Christmas trees glut means lower prices, hurt farmers

By Natural Resource Report,

A sluggish economic climate, low wholesale prices and less consumer demand all spell trouble for Christmas tree farms across Oregon. In 2008, 7.34 million trees were sold in Oregon, propelling a $110 billion industry and the No. 1 producer of Christmas trees in the U.S. That number is expected to shrink to 5 million by next year as many farmers have abandoned the business due to a challenging market and surplus of trees.

In early 2000 many farmers were lured by the high prices of trees and gave up on other crops to invest in Christmas trees. It takes 5-10 years for trees to mature for sale and many trees that were planted during the boom are now up against the frugal consumer and Oregon’s recession. Simply put, there are just too many trees and not enough demand. High supply and low demand are forcing some farmers to sell their trees for less than it cost to produce them. This will likely mean lower prices for Christmas trees this year.  For the farmers, it means they may have to cut and burn trees.

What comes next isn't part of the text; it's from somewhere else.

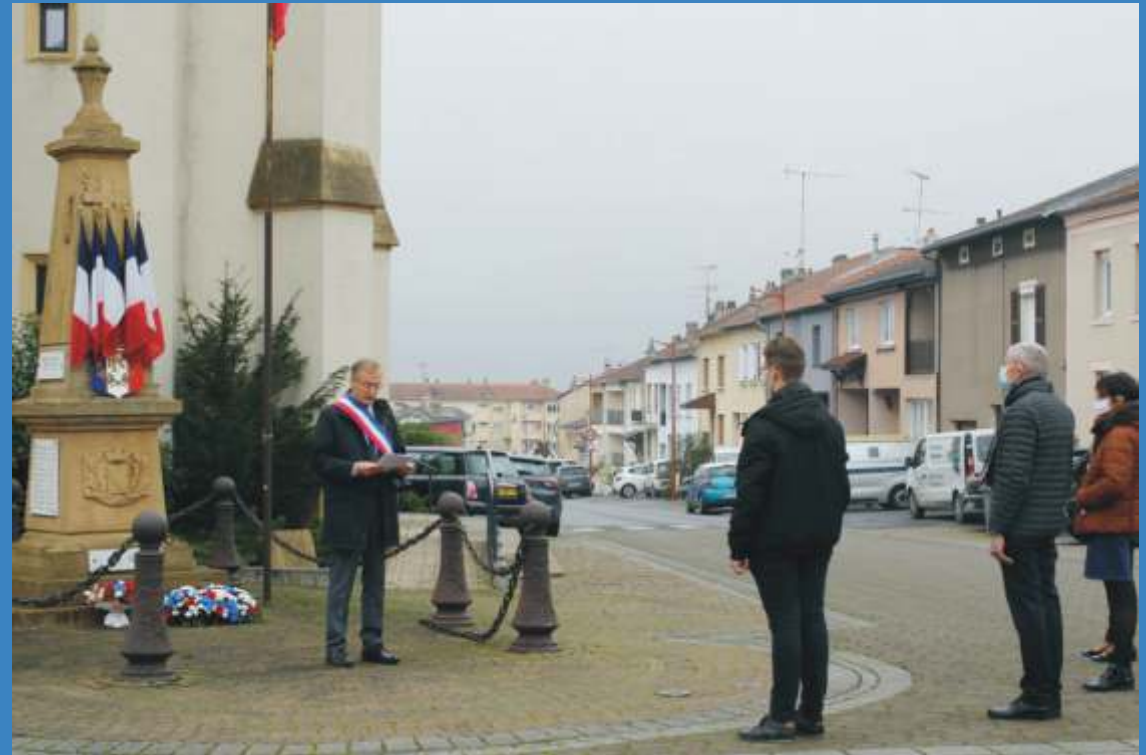
Cérémonie du 11 novembre 2020

According to the National Christmas Tree Association (NCTA), consumers in 2008 bought 10% less Christmas trees than in 2007. Add in the sluggish economy, where consumers are opting to buy one tree, rather than multiple, or perhaps even a smaller, less expensive tree and many farmers are getting concerned.

The growing popularity of artificial trees has encouraged the Pacific Northwest Christmas Tree Association’s recent marketing campaign, urging consumers to go back to buying a real, authentic tree. Last year, the average amount consumers spent on a tree was $36.60, compared to $60.63, the average cost of an artificial tree.

The good news is that NCTA expects that 35% of the people they polled will buy a real tree, a fact that they find promising for the coming holiday season.